Camp Marchand (present-day Rommani) was established on 30 July 1911 at Zebida, on the boundary of the Northern (مزارعة) and Southern Zaer (الكفيان). Camp Marchand was a seat of government comparable to a prefecture. The town served as a regional services hub. The town had a post office, which served the surrounding villages of Christian (Brachoua) Le Jacqueline (Zhayliga), Merzougha (Marchouch), N'Nkreila and Sidi Bettache as well as the more dispersed population of the area, including forester's families living in the surrounding forests.

The town rapidly developed during the colonial period. Many immigrants from different regions settled there, mainly Doukala but also from the Sraghna, Chyadma, Iribat (Sahara) and Benimaskine of Soussis Berber tribes.
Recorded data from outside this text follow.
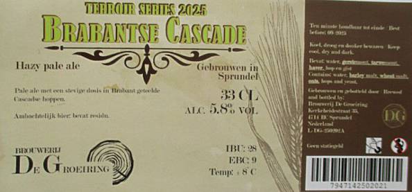| Biernaam op etiket | Brabantse Cascade - terroir series 2025 |
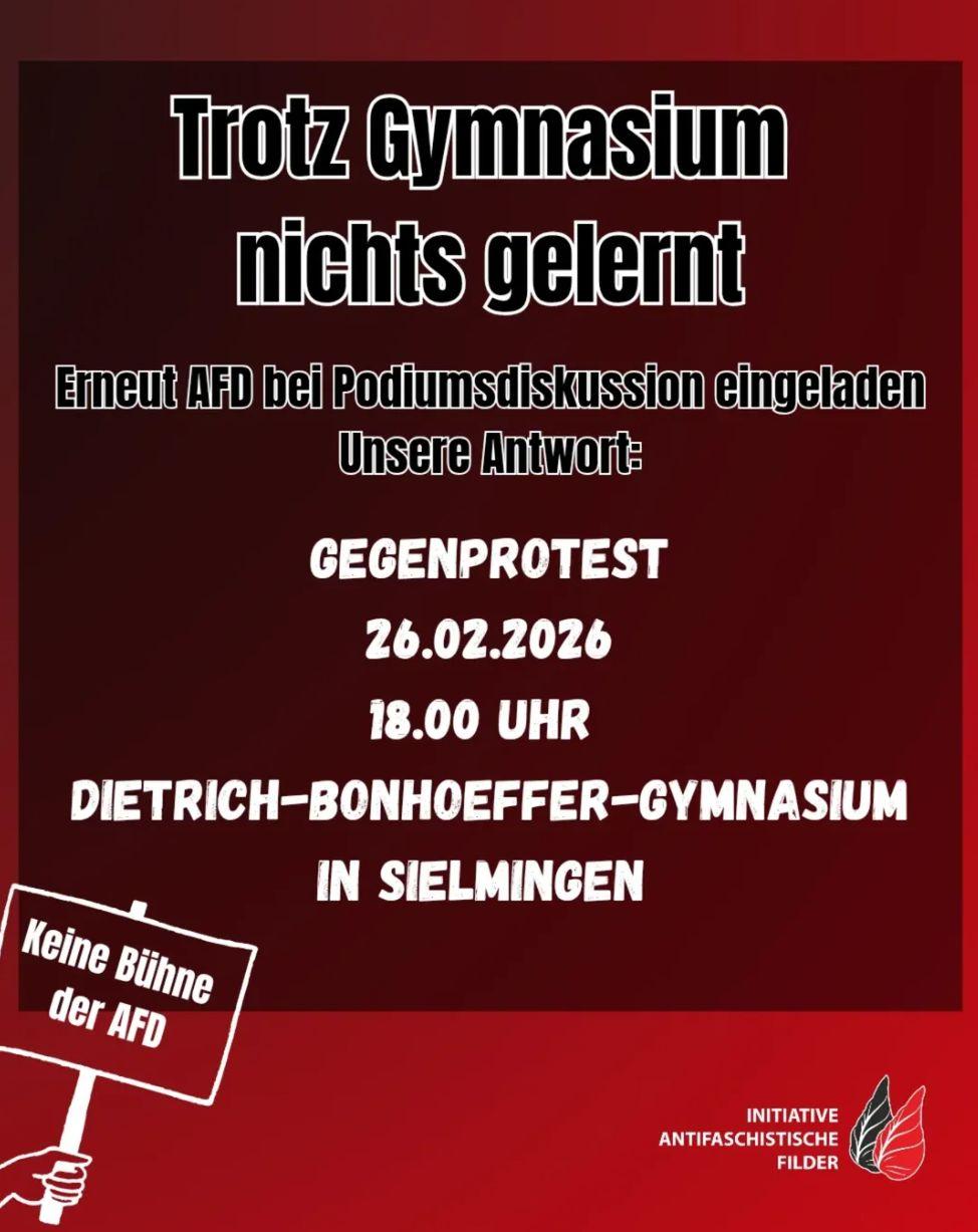 Am 26.02.2026 findet in #Filderstadt- #Sielmingen eine Podiumsdiskussion im Dietrich-Bonhoeffer(!)-Gymnasium mit dem #AfD Kandidaten Felix Schneider statt. Besonders brisant ist das Ganze, da nach unserem letztmaligen Protest die SMV der Schule bereits eine #Podiumsdiskussion außerhalb der Schule geplant hat um die AfD nicht einladen zu müssen. Der Rektor und das Lehrer:innen-Kollegium bestehen aber auf einer Veranstaltung in der Schule und so "muss aus Neutralitätsgründen" die AfD mit aufs Podium. Wir finden das eine ziemliche Schweinerei, trotz klugem Verhalten der SMV eine auswärtige Podiumsdiskussion zu veranstalten, die Schüler:innen zu zwingen #Rechtsradikale und #Rassisten in die #Schule zu lassen!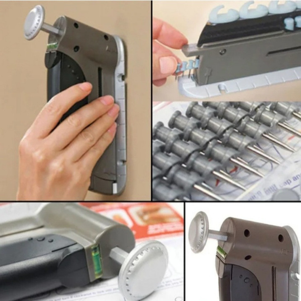 Insta Hang снабжен скрытым отделением для хранения запасных штепселей, колпачков и крючков; встроенным барботажным уровнемером для точного расположения и «пистолетом» для извлечения штепселей. Это превосходное и простое приспособление включает в себя все, что вам может понадобиться для немедленного и точного крепления любого предмета.
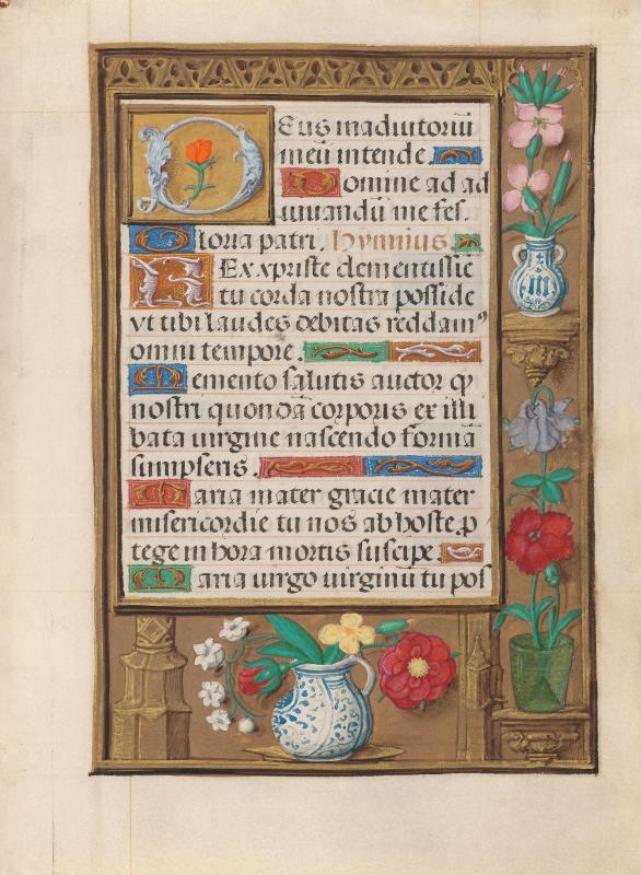 Framing the text is a border decorated in the right and lower borders with three vases of flowers in an architectural setting.

The majority of these tribe members were shopkeepers, field workers or construction workers. The latter were in high demand due to a boost in civil and public construction.

The name of Camp Marchand was changed to Rommani at a later stage. Currently, Rommani is a town of some 15,000 inhabitants.

==Etymology==
The town's name stems from Oued Romane (واد الرمان), meaning pomegranate river. This wadi runs through the city centre.